TRY IT:
The answer must reproduce all of the data below exactly and contain no images.
(SUPPLIED DATA)
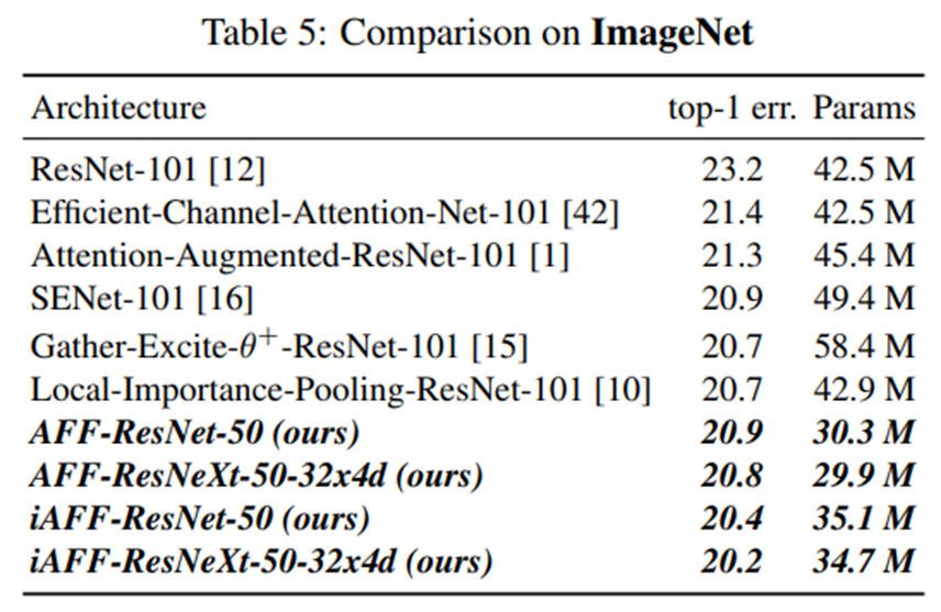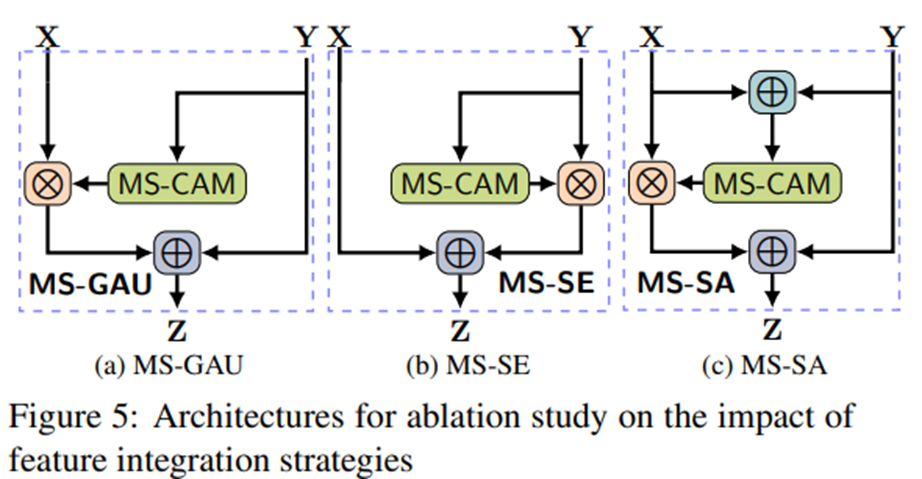 다음으로 그림 5와 같이 표 1에서 보았던 기존 채널 어텐션 모델들인 GAU와 SE Block, SA Block 등의 형태로 실험을 진행하였습니다. 결과적으로 AFF와 iAFF의 형태로 했을 때 가장 좋은 성능을 보이네요.
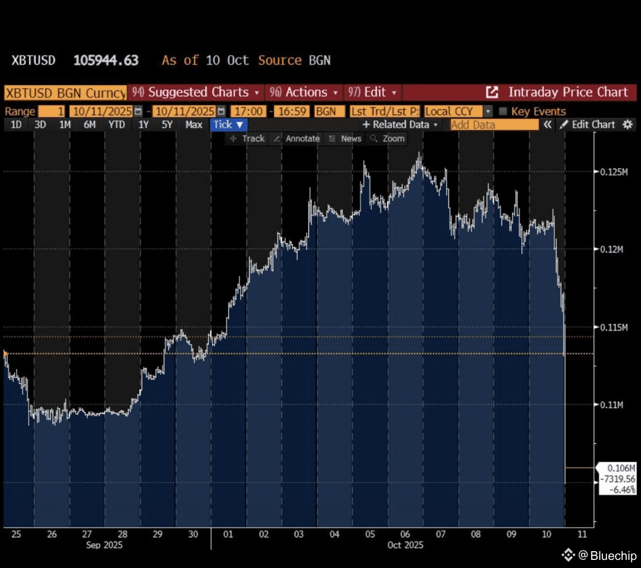 • With traditional markets closed for the weekend, the only open refuge was the crypto market — where Bitcoin plunged over 16% within minutes, dropping below $105,000, erasing all gains from September and October.
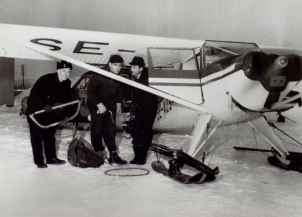 Motlanda flygfält 1966. Från vänster, Erik Barås, Arne Sandström och Arne Kring. Med detta flygplan åkte man ut och reparerade telefonlinjerna till Kråkön och Agön. Det var första gången som man i Hudiksvall fick ta flygplan till hjälp vid felavhjälpning.
(End SUPPLIED DATA)
WRITTEN REPLY:
 다음으로 그림 5와 같이 표 1에서 보았던 기존 채널 어텐션 모델들인 GAU와 SE Block, SA Block 등의 형태로 실험을 진행하였습니다. 결과적으로 AFF와 iAFF의 형태로 했을 때 가장 좋은 성능을 보이네요.
 • With traditional markets closed for the weekend, the only open refuge was the crypto market — where Bitcoin plunged over 16% within minutes, dropping below $105,000, erasing all gains from September and October.
 Motlanda flygfält 1966. Från vänster, Erik Barås, Arne Sandström och Arne Kring. Med detta flygplan åkte man ut och reparerade telefonlinjerna till Kråkön och Agön. Det var första gången som man i Hudiksvall fick ta flygplan till hjälp vid felavhjälpning.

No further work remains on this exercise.